The various studies, peer-review papers and monographs, contain inferred information – things which are not expressly stated, but are obviously taken as a premise or given.

WATER: The relationship between glaciation and desertification has, or reveals, an inverse ratio of available vegetation to glaciation. The system infers a finite and balanced ratio of water to climate condition. Thus when there are glaciers there is desert and low vegetation.

As each takes time to develop, it follows that there is a timescale for any change from desert to forest which exceeds the life-span of any one tree.

More important, since there is a fixed quantity of water under all conditions, it must be located somewhere at all times. Seems obvious. If deserts are increasing, and glaciation is decreasing, the amount of surface and sub-surface water must increase.

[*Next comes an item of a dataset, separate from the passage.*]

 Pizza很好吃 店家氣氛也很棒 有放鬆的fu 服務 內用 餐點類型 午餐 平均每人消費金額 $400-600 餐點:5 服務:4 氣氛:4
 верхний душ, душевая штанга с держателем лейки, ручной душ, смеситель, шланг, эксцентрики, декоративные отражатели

Sub-surface water is a lubricant – as has been discovered in oil drilling regions – which releases fault-lines locks. That is, where two earth plates meet, seeking to overlay, friction holds them against pressure from systemic movement. Add water, and the plates will slip, the straining pressure will be violently relaxed through an event defined as an earthquake. (Gas and magma pressure cause same affect in volcanic regions.)

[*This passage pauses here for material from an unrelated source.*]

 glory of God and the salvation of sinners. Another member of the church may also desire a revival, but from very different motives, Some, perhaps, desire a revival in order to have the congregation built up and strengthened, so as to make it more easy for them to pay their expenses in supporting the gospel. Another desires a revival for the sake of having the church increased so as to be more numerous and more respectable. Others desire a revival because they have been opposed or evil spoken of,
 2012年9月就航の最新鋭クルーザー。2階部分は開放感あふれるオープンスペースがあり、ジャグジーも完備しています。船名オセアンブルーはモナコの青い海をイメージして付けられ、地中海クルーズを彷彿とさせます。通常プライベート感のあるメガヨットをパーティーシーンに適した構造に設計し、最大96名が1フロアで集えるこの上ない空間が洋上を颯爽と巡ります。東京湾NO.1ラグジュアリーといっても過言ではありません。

If sub-surface water is not allowed to accumulate, and so does not allow for lubrication of the tectonic plates, eventually the plate pressure will grow to the point where the slightest lubrication will cause a major slippage.

If sub-surface water is not allowed to accumulate, accumulation will still occur in the atmosphere or surface reservoirs – lakes/oceans. The atmosphere has a limited absorption capacity, made more limited by those conditions associated with desertification.

Ultimately the seas take on the job of retaining the balance, and levels rise while land area becomes dryer, or is submerged.

One can easily see how the preservation of natural balance serves to eliminate elements of life which might be disruptive to that balance. Desertification forces life to consolidate into a narrower habitats; and to consume food while restricting opportunity for its replacement.

Curiously, this could favor modern humans. There would be an obvious division between those who lived in remaining habitat and those who created desert habitats. The deserts would require the creation of closed environmental systems to be maintained over a minimum of multiple centuries, and possibly several millennia.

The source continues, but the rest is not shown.